Segment Start: Data section

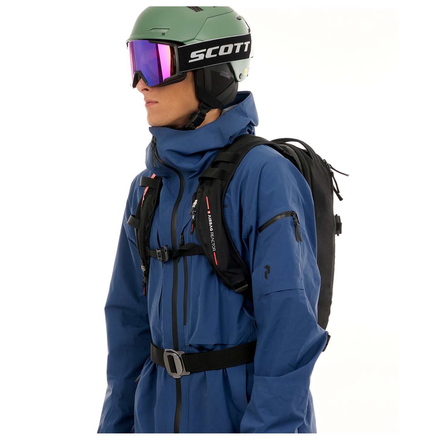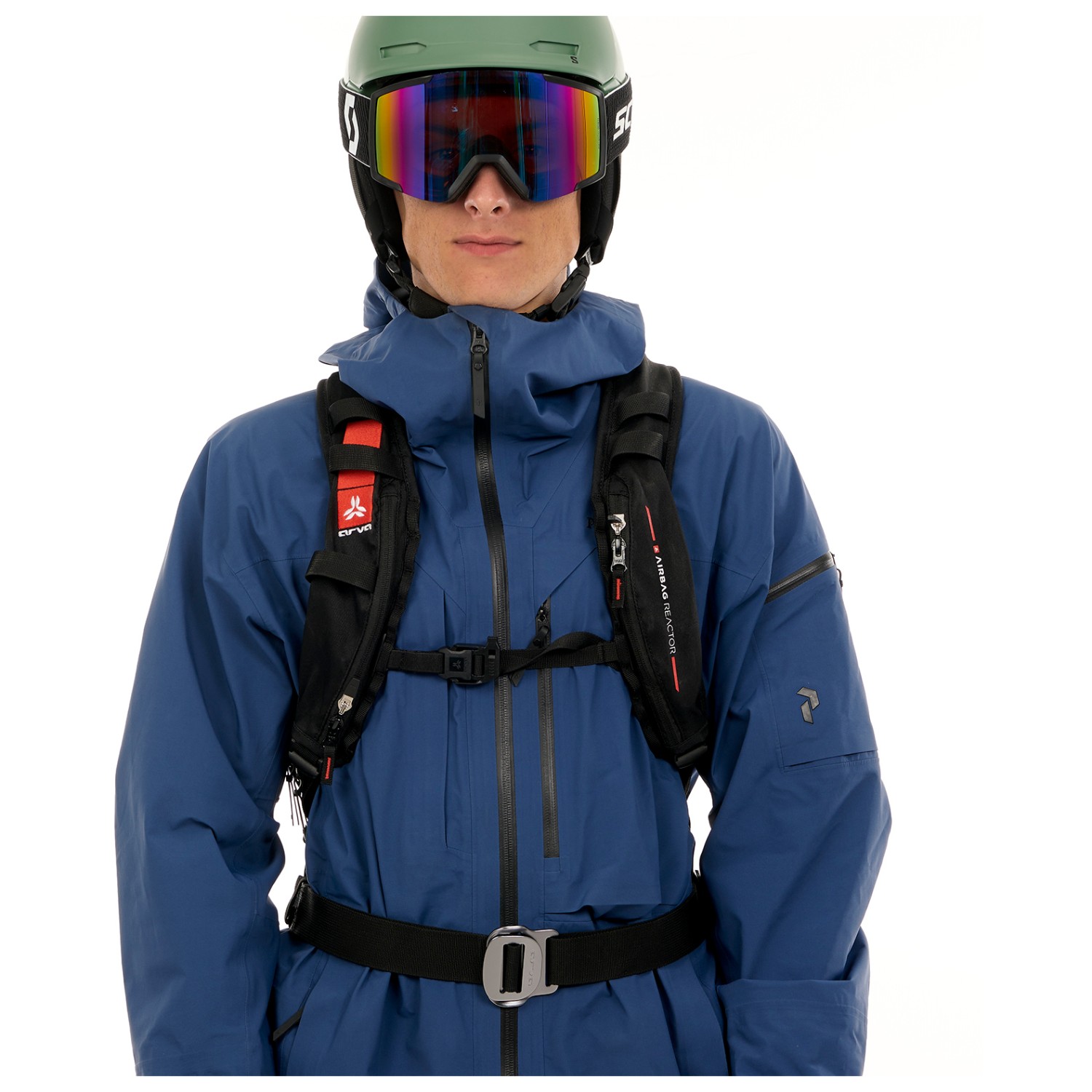 - compartimento para gafas, soporte para piolets/bastones, compartimento delantero, soporte para casco, compartimento para material antiavalancha, clip para llaves, soporte para esquís/snowboard, bolsillo en el tirante
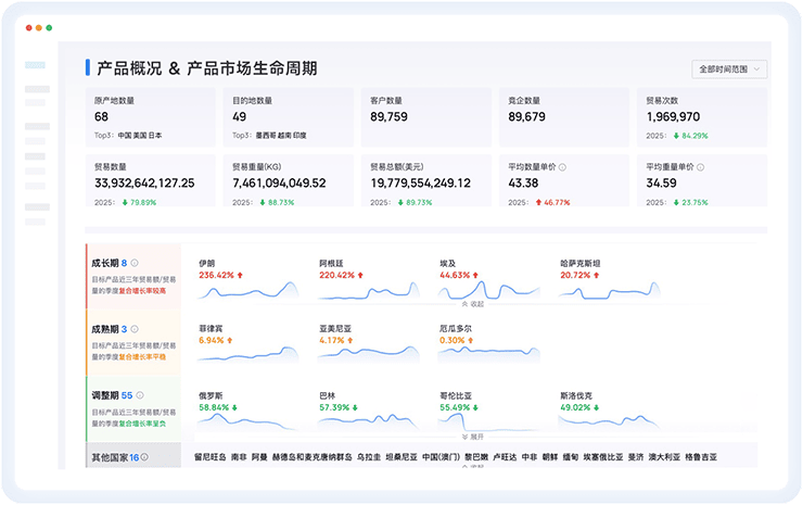 基于100亿+海量真实进出口数据,结合精准搜索功能,精准分析全球市场变化,找寻更有价值的开发市场,挖掘新的产品开发方向,帮助企业定位增长方向。
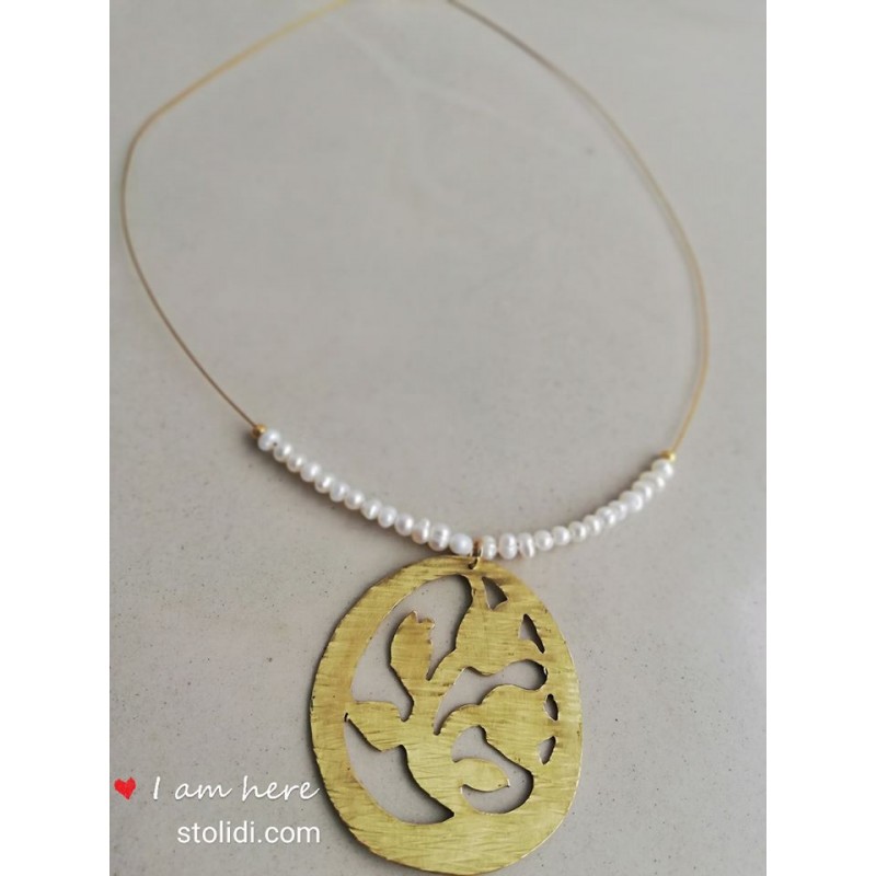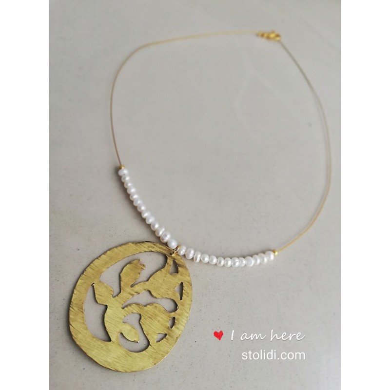Κολιέ με μαργαριτάρι χρυσή ντίζα και χειροποίητο μενταγιόν από ορείχαλκο

Segment End: Data section

* Required action *
Return an exact copy of the data above, apart from any pictures.

* Result below *
 - compartimento para gafas, soporte para piolets/bastones, compartimento delantero, soporte para casco, compartimento para material antiavalancha, clip para llaves, soporte para esquís/snowboard, bolsillo en el tirante
 基于100亿+海量真实进出口数据,结合精准搜索功能,精准分析全球市场变化,找寻更有价值的开发市场,挖掘新的产品开发方向,帮助企业定位增长方向。
Κολιέ με μαργαριτάρι χρυσή ντίζα και χειροποίητο μενταγιόν από ορείχαλκο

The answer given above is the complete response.